Mob rule is the path through anarchy to tyranny.

Time to Heed Lincoln’s Warning

Nobody explained better how this sort of law would lead to the end of free government in America than Abraham Lincoln.

Lincoln denounced mob rule as a young man in his famed Lyceum Address to citizens of Springfield, Illinois, in 1838. It is one of the most important speeches he ever delivered and a dire warning for us today.

First, Lincoln explained how the United States possessed enormous geographical and material advantages compared to almost anywhere on earth. 

On top of that, and more importantly, Americans had inherited from the founding generation “a system of political institutions, conducing more essentially to the ends of civil and religious liberty, than any of which the history of former times tells us.”

That was true in Lincoln’s time and it’s true in ours.

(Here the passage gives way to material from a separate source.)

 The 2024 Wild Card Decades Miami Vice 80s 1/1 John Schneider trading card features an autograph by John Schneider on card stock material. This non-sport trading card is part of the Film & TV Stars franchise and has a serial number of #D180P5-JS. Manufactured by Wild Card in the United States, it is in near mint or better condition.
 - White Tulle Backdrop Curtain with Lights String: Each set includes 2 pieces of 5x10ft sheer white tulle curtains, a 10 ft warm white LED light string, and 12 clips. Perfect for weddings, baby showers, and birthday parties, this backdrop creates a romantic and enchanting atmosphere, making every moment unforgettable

Lincoln then famously said to his countrymen that America, even in that early stage of development—surely a far weaker international power than it is today—could not be conquered by foes from without.

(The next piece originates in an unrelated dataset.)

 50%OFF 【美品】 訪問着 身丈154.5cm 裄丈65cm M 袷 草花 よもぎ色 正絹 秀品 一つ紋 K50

So what, Lincoln asked, could threaten such a country, from where will danger approach?

“I answer, if it ever reach us, it must spring up amongst us. It cannot come from abroad. If destruction be our lot, we must ourselves be its author and finisher. As a nation of freemen, we must live through all time, or die by suicide,” Lincoln said.

He then explained how he was now seeing an “ill omen” for his country’s future as “mob law” was exploding across America.

Across the country, lawless destruction and violence was becoming common. Americans had been targeted for violence, often for petty offenses (real or imagined), and sometimes for the color of their skin. But eventually lawless violence came to all, white and black, men and women, young and old.

Lincoln explained that if this general state of lawlessness is allowed to go on, where perpetrators who violate the law go unpunished and are generally unrestrained by the rightful authorities, it will create a chilling effect for law-abiding citizens who will lose faith in their government to protect them.

Lincoln said of where this all ends:

Good men, men who love tranquility, who desire to abide by the laws, and enjoy their benefits, who would gladly spill their blood in the defense of their country; seeing their property destroyed; their families insulted, and their lives endangered; their persons injured; and seeing nothing in prospect that forebodes a change for the better; become tired of, and disgusted with, a government that offers them no protection; and are not much averse to a change in which they imagine they have nothing to lose. Thus, then, by the operation of this mobocractic spirit, which all must admit, is now abroad in the land, the strongest bulwark of any Government, and particularly of those constituted like ours, may effectually be broken down and destroyed.

It is imperative for Americans, and especially our leaders, to heed these words of Lincoln and put a stop to the anarchy that threatens to submerge our constitutional system.